Jacob had been asking himself that same question for nearly a year. Christine’s death had been different, tragic in a quieter way. Christine meant “follower of Christ,” Renee’s choice. Coming from Joshua’s lips, the name now sounded like a grim cosmic joke.
“So when my other child dies, you pop up out of nowhere,” Jacob said.
“Misery loves company,” Joshua said. “Just like the good old days.”
He reached up and rattled the brass pipes of a wind chime that hung from the porch’s support beam. A die-stamped metal sparrow perched atop the chime, its crevices gritty with age. The chime had been there as far back as Jacob could remember. Their mother had tapped it with her cane to summon them to dinner or bedtime, and the soft notes were a reminder of long summer nights in the forest or games in the barn.

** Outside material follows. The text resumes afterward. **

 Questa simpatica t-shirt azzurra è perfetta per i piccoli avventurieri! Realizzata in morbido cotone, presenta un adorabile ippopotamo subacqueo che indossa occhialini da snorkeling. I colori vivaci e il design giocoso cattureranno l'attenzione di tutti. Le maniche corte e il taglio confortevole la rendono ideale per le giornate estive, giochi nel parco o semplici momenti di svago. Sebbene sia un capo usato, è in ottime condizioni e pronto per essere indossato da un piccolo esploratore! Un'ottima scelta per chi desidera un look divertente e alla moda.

Joshua mimicked their mother’s high voice as he climbed the porch steps. “Time to come in, boys.” His voice rose to a piercing shrillness. “Jake! Josh!”
Joshua took a key from his pocket and unlocked the door, then stood aside. The damp, woody odor of the trapped air enveloped Jacob. Joshua gave him a gentle nudge in the back.
Jacob took a tentative step forward, on the threshold of a life he’d spent a decade burying. A long Oriental carpet led into the foyer where the dining room, sitting room, stairs, and hall intersected. The framed photographs of dead Wells ancestors hung on the walls, dim with dust. A rustic butcher-block table stood on uneven legs against the far wall, topped by a gray doily and an empty crystal vase. A wrought iron coatrack skulked in the corner like a sharp-edged stalker. A path was worn in the center of the oak stair treads. The bottom baluster was still splintered from their mother’s fall. Except for the smell and cobwebs, everything was as it had been on Jacob’s last visit. The day they’d buried Warren Wells. This house was a museum of pain, a mausoleum of bad memories.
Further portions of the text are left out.